## Your goal
From top to bottom, return the listing exactly as it appears, omitting its images.

## Source data

★ ★ ★ ★ ★ ★ ★

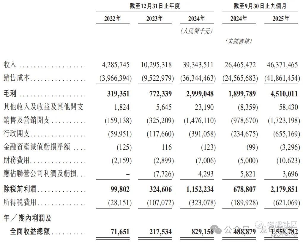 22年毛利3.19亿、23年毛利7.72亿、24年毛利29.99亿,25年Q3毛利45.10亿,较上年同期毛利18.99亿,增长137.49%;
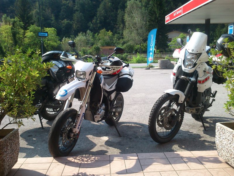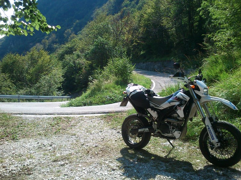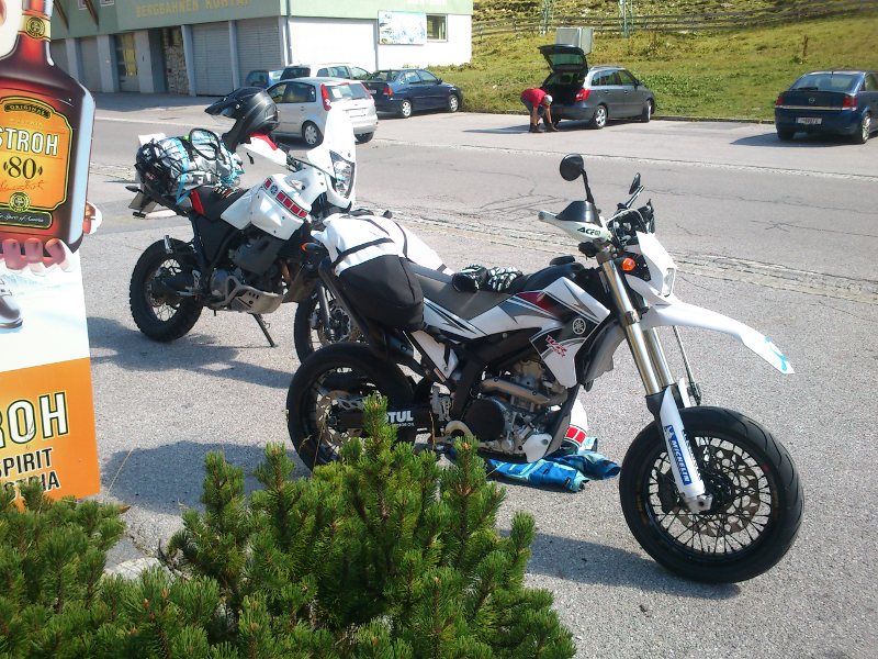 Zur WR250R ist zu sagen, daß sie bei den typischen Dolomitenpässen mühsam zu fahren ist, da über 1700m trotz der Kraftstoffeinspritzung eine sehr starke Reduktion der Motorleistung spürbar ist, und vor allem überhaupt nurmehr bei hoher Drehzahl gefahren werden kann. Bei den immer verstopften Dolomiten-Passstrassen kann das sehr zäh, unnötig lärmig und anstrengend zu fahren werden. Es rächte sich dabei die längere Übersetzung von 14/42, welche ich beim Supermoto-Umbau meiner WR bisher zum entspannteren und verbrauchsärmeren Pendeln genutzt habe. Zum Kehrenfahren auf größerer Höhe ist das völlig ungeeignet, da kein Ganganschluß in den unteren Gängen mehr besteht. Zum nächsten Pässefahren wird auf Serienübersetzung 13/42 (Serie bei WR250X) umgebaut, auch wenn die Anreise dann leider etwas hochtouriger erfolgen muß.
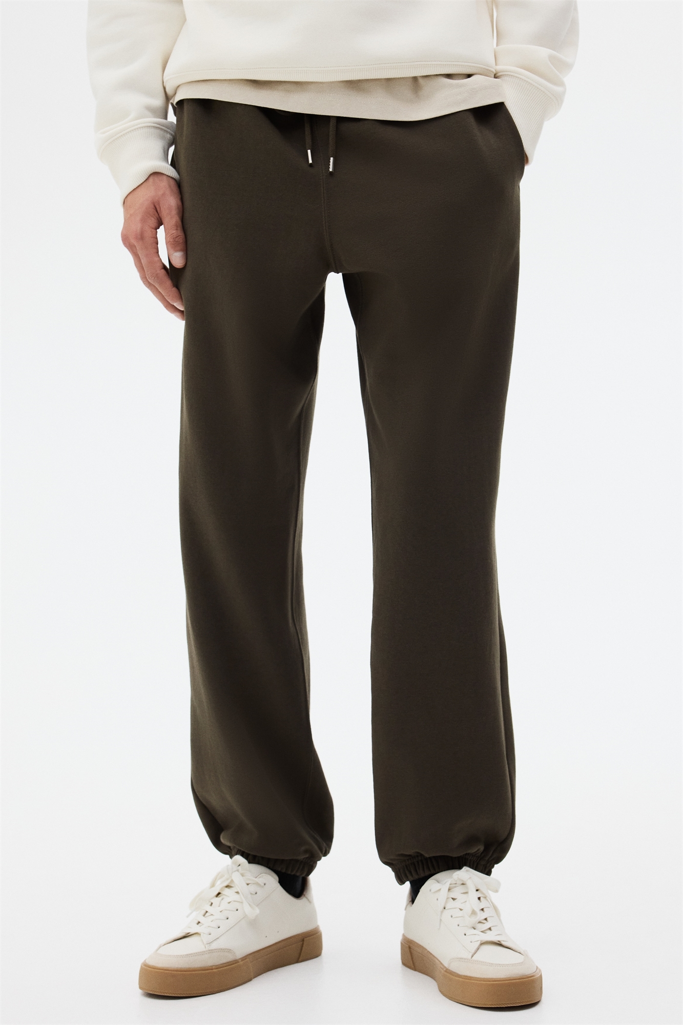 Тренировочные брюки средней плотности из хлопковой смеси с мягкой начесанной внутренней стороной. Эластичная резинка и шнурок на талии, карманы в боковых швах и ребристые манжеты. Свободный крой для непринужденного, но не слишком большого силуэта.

★ ★ ★ ★ ★ ★ ★

## Expected answer
 22年毛利3.19亿、23年毛利7.72亿、24年毛利29.99亿,25年Q3毛利45.10亿,较上年同期毛利18.99亿,增长137.49%;
 Zur WR250R ist zu sagen, daß sie bei den typischen Dolomitenpässen mühsam zu fahren ist, da über 1700m trotz der Kraftstoffeinspritzung eine sehr starke Reduktion der Motorleistung spürbar ist, und vor allem überhaupt nurmehr bei hoher Drehzahl gefahren werden kann. Bei den immer verstopften Dolomiten-Passstrassen kann das sehr zäh, unnötig lärmig und anstrengend zu fahren werden. Es rächte sich dabei die längere Übersetzung von 14/42, welche ich beim Supermoto-Umbau meiner WR bisher zum entspannteren und verbrauchsärmeren Pendeln genutzt habe. Zum Kehrenfahren auf größerer Höhe ist das völlig ungeeignet, da kein Ganganschluß in den unteren Gängen mehr besteht. Zum nächsten Pässefahren wird auf Serienübersetzung 13/42 (Serie bei WR250X) umgebaut, auch wenn die Anreise dann leider etwas hochtouriger erfolgen muß.
 Тренировочные брюки средней плотности из хлопковой смеси с мягкой начесанной внутренней стороной. Эластичная резинка и шнурок на талии, карманы в боковых швах и ребристые манжеты. Свободный крой для непринужденного, но не слишком большого силуэта.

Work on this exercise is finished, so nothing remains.